TO DO: Your output must be the lines below from the line containing "Le parc est" to the line containing "Une fois la", both lines included, reproduced exactly and without pictures.

PROVIDED DATA:
- - -

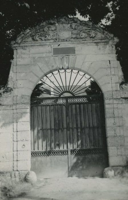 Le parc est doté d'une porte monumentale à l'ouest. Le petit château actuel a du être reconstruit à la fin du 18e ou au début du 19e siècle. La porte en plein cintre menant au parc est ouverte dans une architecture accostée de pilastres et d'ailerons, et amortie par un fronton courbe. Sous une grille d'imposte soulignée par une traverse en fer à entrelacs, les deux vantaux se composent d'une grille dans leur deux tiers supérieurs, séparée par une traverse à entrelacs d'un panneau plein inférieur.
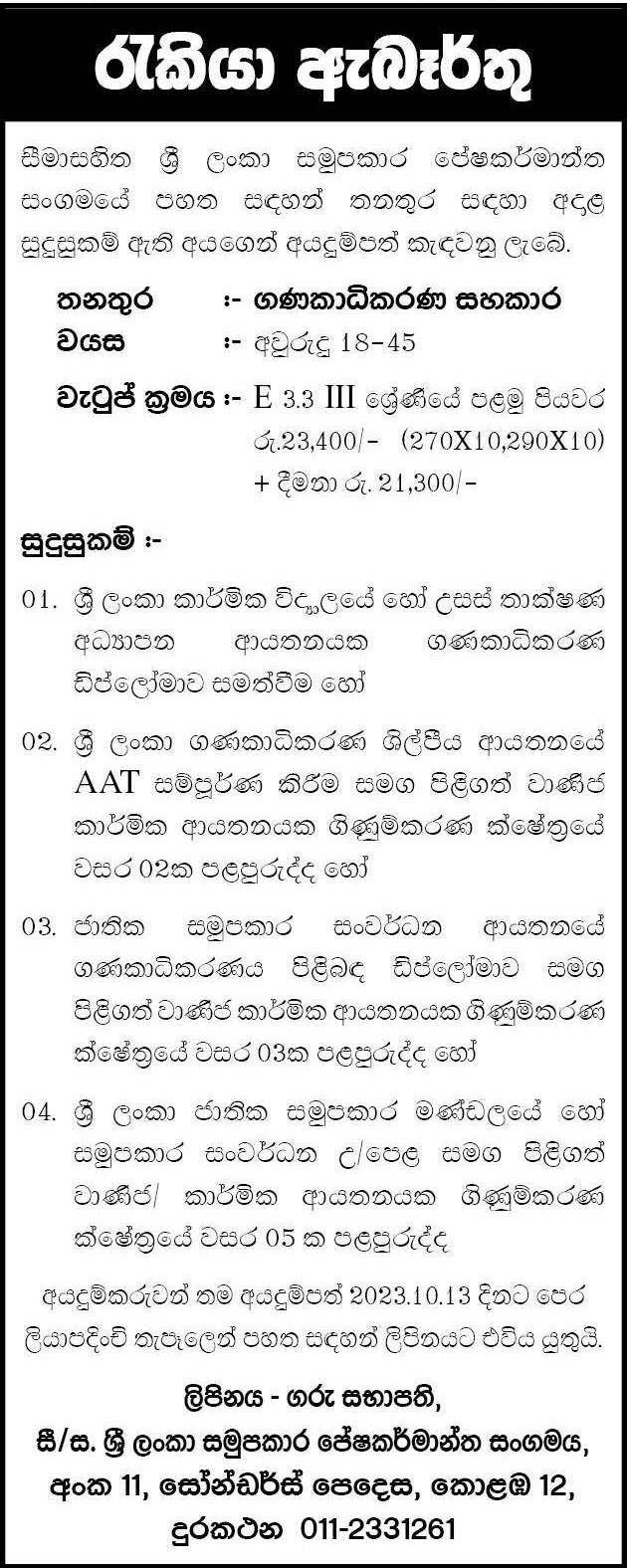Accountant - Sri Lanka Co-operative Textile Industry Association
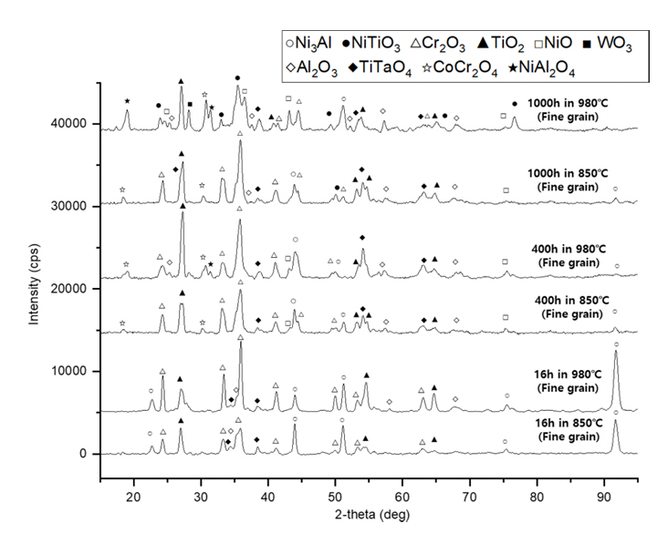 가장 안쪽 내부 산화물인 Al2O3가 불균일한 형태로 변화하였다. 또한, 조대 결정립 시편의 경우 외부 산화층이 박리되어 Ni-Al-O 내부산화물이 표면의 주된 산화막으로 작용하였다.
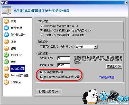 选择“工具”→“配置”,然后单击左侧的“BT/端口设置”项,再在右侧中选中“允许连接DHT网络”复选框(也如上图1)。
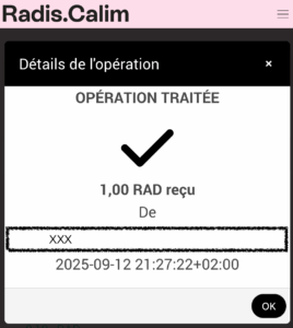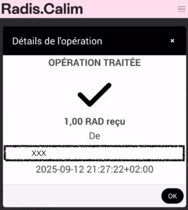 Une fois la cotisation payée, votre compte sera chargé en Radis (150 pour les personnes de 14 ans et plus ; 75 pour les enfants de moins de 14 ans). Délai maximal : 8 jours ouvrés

- - -

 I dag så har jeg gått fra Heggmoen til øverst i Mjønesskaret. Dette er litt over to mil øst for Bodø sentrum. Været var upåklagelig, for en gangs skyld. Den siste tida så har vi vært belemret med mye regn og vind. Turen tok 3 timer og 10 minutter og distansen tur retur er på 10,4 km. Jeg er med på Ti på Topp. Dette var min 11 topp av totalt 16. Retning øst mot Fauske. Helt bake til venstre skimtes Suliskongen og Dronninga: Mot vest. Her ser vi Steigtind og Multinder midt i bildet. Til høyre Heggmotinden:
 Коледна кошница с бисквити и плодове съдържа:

- - -

RESPONSE BOX:
 Le parc est doté d'une porte monumentale à l'ouest. Le petit château actuel a du être reconstruit à la fin du 18e ou au début du 19e siècle. La porte en plein cintre menant au parc est ouverte dans une architecture accostée de pilastres et d'ailerons, et amortie par un fronton courbe. Sous une grille d'imposte soulignée par une traverse en fer à entrelacs, les deux vantaux se composent d'une grille dans leur deux tiers supérieurs, séparée par une traverse à entrelacs d'un panneau plein inférieur.
Accountant - Sri Lanka Co-operative Textile Industry Association
 가장 안쪽 내부 산화물인 Al2O3가 불균일한 형태로 변화하였다. 또한, 조대 결정립 시편의 경우 외부 산화층이 박리되어 Ni-Al-O 내부산화물이 표면의 주된 산화막으로 작용하였다.
 选择“工具”→“配置”,然后单击左侧的“BT/端口设置”项,再在右侧中选中“允许连接DHT网络”复选框(也如上图1)。
 Une fois la cotisation payée, votre compte sera chargé en Radis (150 pour les personnes de 14 ans et plus ; 75 pour les enfants de moins de 14 ans). Délai maximal : 8 jours ouvrés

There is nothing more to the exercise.